# [WHAT YOU ARE ASKED TO DO]
Nothing but the lines below from the one with "County Route 530" through the one with "durante su alocución." should be output, each exactly as given, and no pictures.

# [GIVEN INFORMATION]

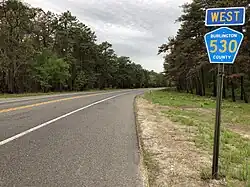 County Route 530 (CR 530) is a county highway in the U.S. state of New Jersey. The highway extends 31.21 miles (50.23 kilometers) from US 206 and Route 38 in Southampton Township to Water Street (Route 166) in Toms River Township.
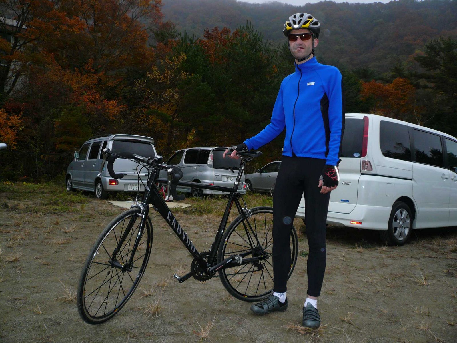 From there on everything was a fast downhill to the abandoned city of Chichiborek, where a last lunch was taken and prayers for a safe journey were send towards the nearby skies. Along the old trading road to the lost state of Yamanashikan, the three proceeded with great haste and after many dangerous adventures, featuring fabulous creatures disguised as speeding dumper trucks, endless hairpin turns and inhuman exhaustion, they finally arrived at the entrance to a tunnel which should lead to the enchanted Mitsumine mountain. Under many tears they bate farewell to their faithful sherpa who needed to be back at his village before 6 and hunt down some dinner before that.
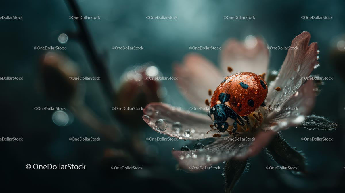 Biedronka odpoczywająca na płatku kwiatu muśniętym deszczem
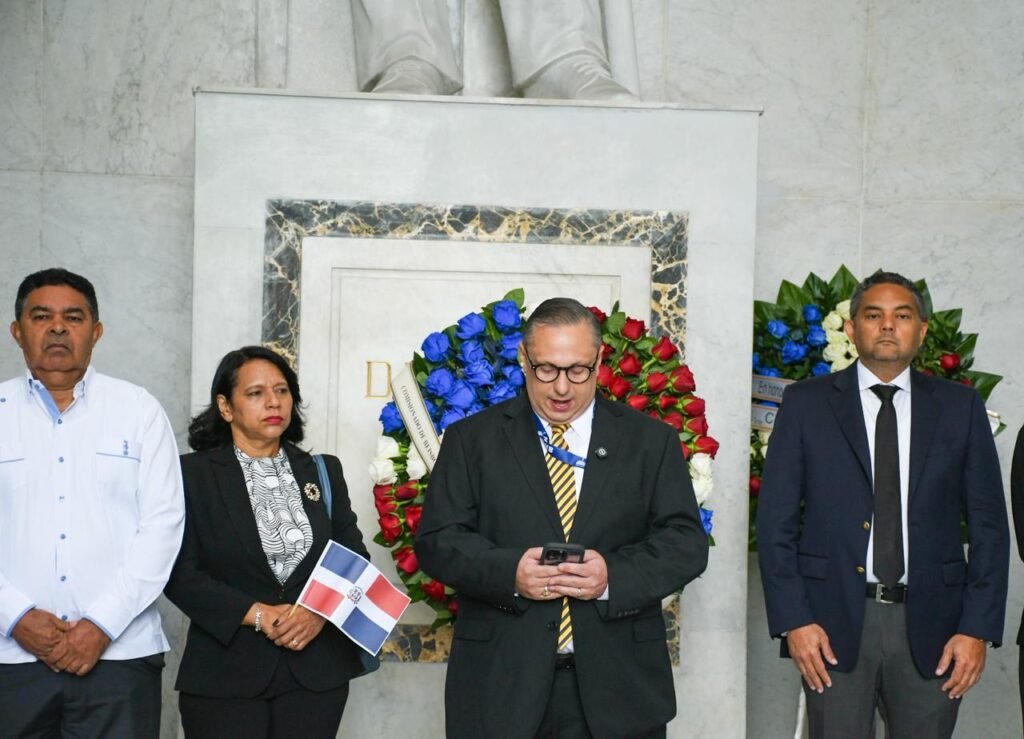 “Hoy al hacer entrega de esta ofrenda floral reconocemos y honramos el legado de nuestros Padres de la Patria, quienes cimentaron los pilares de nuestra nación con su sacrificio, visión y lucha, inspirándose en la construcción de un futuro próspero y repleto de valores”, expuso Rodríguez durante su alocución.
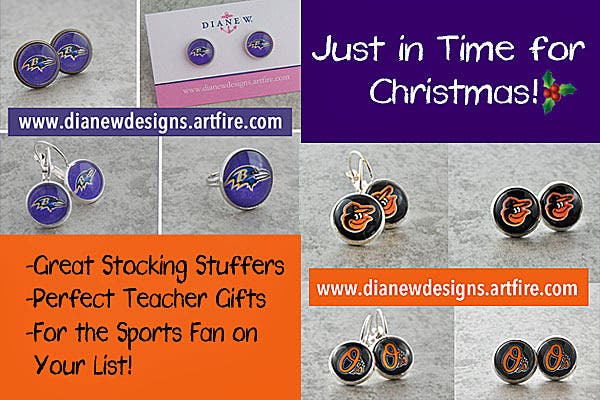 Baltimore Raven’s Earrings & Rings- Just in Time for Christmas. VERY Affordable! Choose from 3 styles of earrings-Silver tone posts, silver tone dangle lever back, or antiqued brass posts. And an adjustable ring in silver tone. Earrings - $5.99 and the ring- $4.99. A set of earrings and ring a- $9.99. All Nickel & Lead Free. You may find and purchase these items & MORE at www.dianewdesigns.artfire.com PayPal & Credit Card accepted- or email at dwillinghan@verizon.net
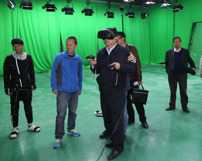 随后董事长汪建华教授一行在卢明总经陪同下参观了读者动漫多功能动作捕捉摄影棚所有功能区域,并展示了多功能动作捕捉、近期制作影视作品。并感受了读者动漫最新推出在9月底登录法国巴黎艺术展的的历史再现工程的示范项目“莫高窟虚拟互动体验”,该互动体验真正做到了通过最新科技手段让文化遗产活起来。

...

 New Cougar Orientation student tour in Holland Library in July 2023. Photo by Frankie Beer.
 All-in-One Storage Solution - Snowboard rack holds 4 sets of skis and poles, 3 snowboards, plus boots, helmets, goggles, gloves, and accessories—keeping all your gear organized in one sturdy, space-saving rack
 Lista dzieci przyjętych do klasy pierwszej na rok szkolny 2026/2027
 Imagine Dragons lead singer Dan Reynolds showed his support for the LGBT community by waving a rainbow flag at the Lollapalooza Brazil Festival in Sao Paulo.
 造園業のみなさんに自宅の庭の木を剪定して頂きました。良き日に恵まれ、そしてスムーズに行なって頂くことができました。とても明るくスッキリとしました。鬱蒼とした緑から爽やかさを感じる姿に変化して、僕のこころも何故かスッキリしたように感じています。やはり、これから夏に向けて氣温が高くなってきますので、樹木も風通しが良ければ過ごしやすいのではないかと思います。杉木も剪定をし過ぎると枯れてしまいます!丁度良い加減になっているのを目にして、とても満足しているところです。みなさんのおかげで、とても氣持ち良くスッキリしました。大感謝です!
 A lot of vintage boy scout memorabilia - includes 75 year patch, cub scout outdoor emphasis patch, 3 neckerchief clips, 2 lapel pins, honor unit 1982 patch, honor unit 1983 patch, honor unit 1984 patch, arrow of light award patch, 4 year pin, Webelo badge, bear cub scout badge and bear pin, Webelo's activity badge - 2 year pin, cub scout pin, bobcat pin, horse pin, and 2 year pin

...

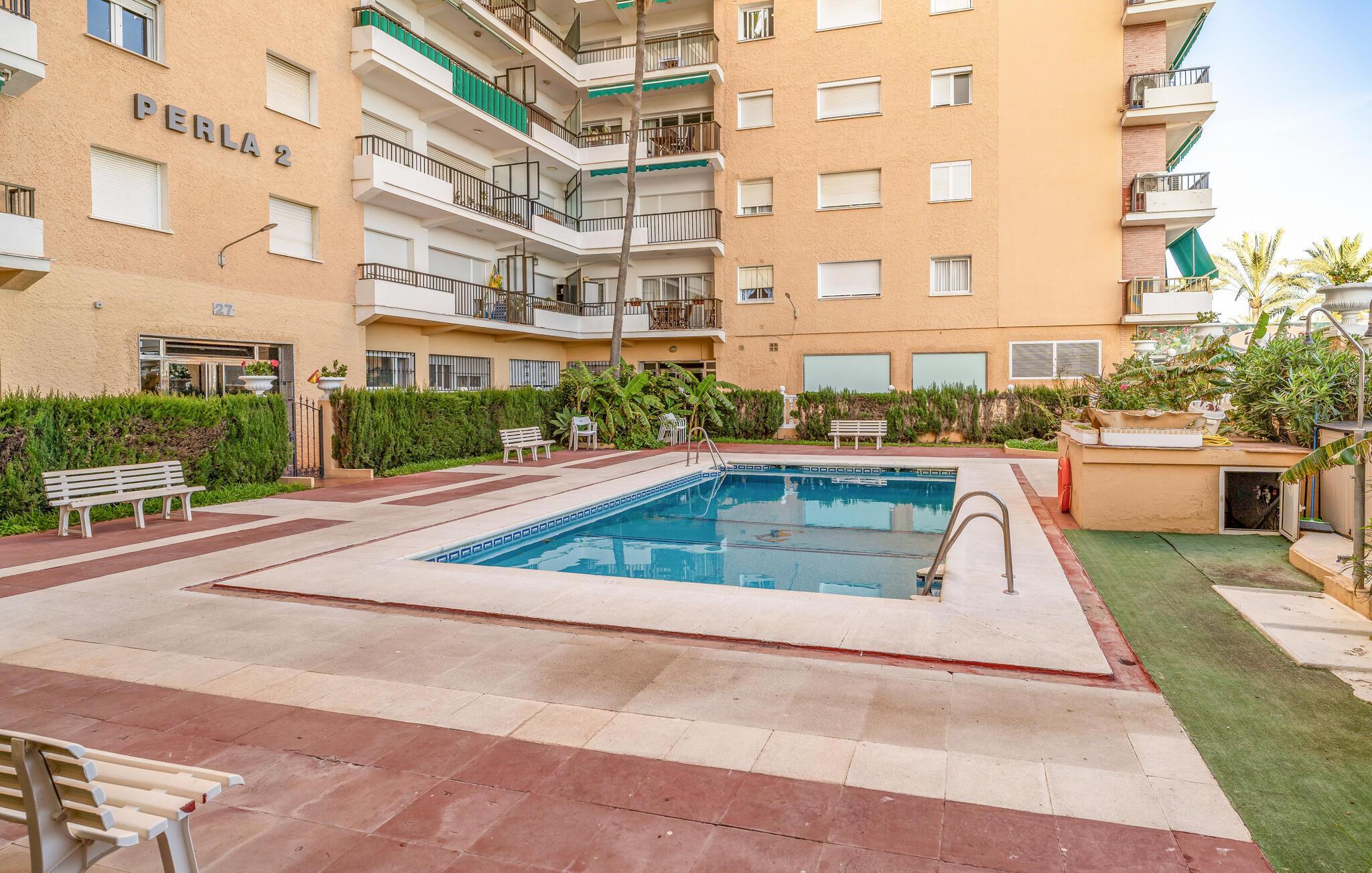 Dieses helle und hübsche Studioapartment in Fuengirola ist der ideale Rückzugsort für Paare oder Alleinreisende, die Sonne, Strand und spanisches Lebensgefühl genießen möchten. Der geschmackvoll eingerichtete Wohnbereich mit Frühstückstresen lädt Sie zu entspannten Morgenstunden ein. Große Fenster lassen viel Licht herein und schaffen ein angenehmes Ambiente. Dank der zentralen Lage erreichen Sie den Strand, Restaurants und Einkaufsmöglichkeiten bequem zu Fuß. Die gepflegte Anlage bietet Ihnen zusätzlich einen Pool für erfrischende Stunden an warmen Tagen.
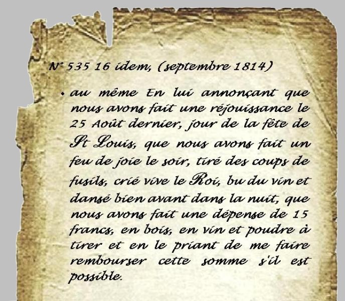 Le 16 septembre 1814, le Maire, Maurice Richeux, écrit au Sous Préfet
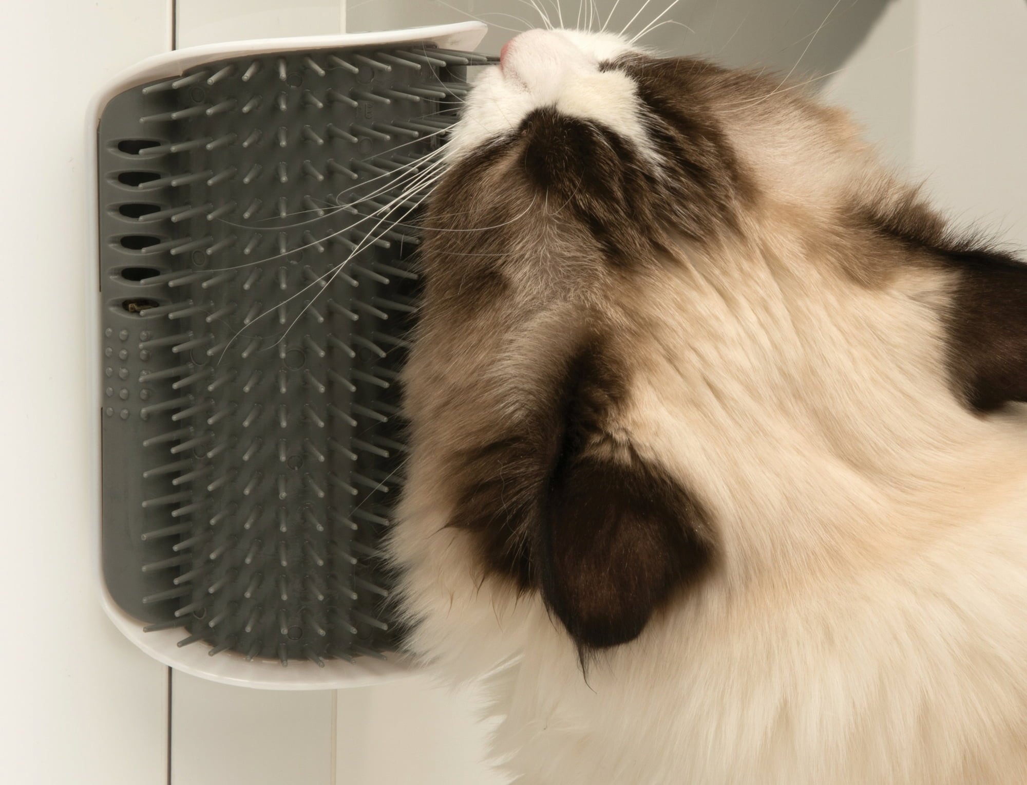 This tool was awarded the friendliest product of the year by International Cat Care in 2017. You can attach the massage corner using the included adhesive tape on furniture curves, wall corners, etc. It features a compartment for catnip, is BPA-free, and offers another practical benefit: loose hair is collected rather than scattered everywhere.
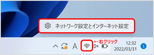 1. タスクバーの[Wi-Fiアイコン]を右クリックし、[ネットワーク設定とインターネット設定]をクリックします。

# [FINAL ANSWER]
 County Route 530 (CR 530) is a county highway in the U.S. state of New Jersey. The highway extends 31.21 miles (50.23 kilometers) from US 206 and Route 38 in Southampton Township to Water Street (Route 166) in Toms River Township.
 From there on everything was a fast downhill to the abandoned city of Chichiborek, where a last lunch was taken and prayers for a safe journey were send towards the nearby skies. Along the old trading road to the lost state of Yamanashikan, the three proceeded with great haste and after many dangerous adventures, featuring fabulous creatures disguised as speeding dumper trucks, endless hairpin turns and inhuman exhaustion, they finally arrived at the entrance to a tunnel which should lead to the enchanted Mitsumine mountain. Under many tears they bate farewell to their faithful sherpa who needed to be back at his village before 6 and hunt down some dinner before that.
 Biedronka odpoczywająca na płatku kwiatu muśniętym deszczem
 “Hoy al hacer entrega de esta ofrenda floral reconocemos y honramos el legado de nuestros Padres de la Patria, quienes cimentaron los pilares de nuestra nación con su sacrificio, visión y lucha, inspirándose en la construcción de un futuro próspero y repleto de valores”, expuso Rodríguez durante su alocución.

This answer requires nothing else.